Ilse Knoll, born in Hanover in 1925, talks about her work and experiences at Continental in Hanover during the war times and how her granddaughter, Ines, continued the Continental family tradition in Regensburg, after Continental took over Siemens VDO.
"My name is Ilse; I am 96 years old, and I come from Hanover. I completed my training as "Technical Assistant for Chemistry and Biology" in Berlin. However, since I definitely wanted to return to my hometown, Continental Hanover opened up as a future employer. Fortunately, I found a vacant job there and started working in the main laboratory at the Vahrenwalder Straße location in 1943.
At Continental in Hanover, rubber products were already being made at that time. Our task consisted essentially of testing all materials in order to release them for production. However, due to a laboratory fire, we were outsourced to the nearby Continental location in Limmer 4-5 months later. We spent several weeks there during the restoration and did our usual work. While other colleagues went back to Hanover, I internally transferred to a small latex rubber laboratory and worked there for the rest of my time in Continental. Altogether, we were only three people there - one supervisor, another employee and me. However, my superior was summoned to war shortly after, so I was promoted to be the boss instead. Our job in the laboratory was to check the quality of the viscosity for surgical gloves, which were also produced by the company. After the end of the war, we also designed the first car seats made of latex foam. We were always two or three people in the lab, but I found the independent work very interesting.

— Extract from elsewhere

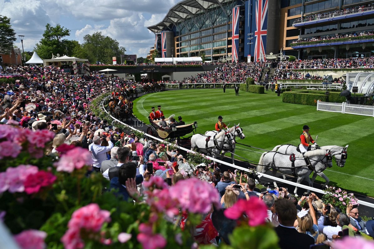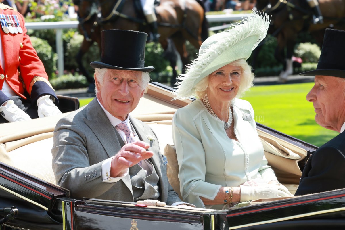 For the third day in a row, King Charles III and Queen Camilla rode in the first carriage in the traditional procession for their arrival at Ascot Racecourse.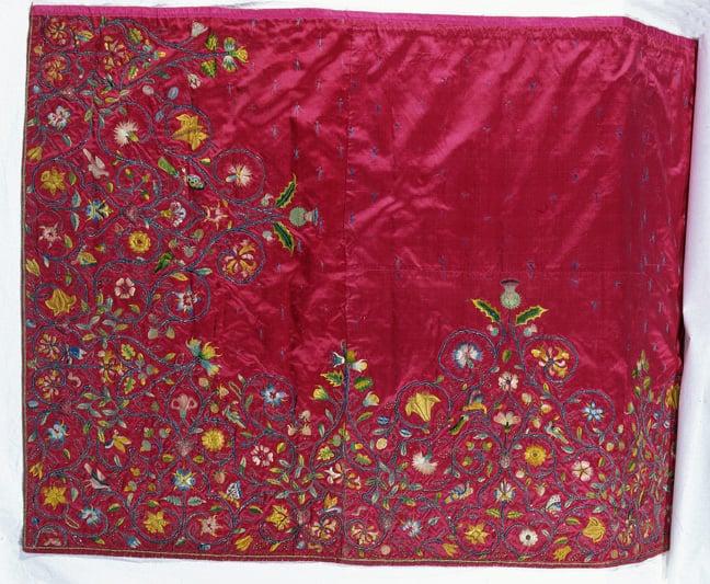 A silk panel embroidered with scrolling flowers, thistles, pea pods, birds and butterflies. Possibly from a skirt.

During the war, I lived in three different apartments, since the first two were bombed out. In the most intense phase, Hanover was the target of air strikes every night. My third apartment was located at Vahrenwalder Platz, close to the Continental factory. Thanks to our staff cards, which were already available at the time, the company was a life saver for me and many other colleagues at the time, because we were officially allowed to hide in the basement during the evening and thus were better protected from the bombing. It was assumed that the buildings built for the heavy machinery on the upper floors would stop the bombs. The bombs were supposed to explode on the upper floors and could not reach the basement. We were warned by sirens about an imminent attack, so that we could walk straight to the factory. That was a great relief to me. At the time, most people went to bed fully dressed in order to avoid wasting time in case of an emergency.
Continental's supply has also been maintained even in the worst of times. Every day at noon, we received food for a few ration stamps in the company’s cafeteria. Even after the war, when supplies were scarce, we sometimes got free bicycle tires from Continental. These could also be exchanged for food or other items that we needed. We always appreciated it greatly as it made the situation easier for us.
After about six or seven years, when I got married, my time at the company came to an end. Later, I was able to apply the knowledge about plastics that I acquired at Continental to my new profession. Together with my husband, I restored school wall maps and later also modeled relief maps. Unfortunately, I was no longer in contact with my former Continental colleagues since I moved away from Hanover.
Whenever I pass by a Continental factory, I look back with pleasure on my work at the company. Even though it was not an easy time and it was dominated by the war, I entirely associate Continental to positive memories. My granddaughter, Ines, originally worked for Siemens VDO. When I found out about the takeover by Continental, it felt like coming back home for me and for Ines it was a positive experience from the very beginning. I am delighted that this will allow me to remain in touch with the company and share my memories of Continental with Ines."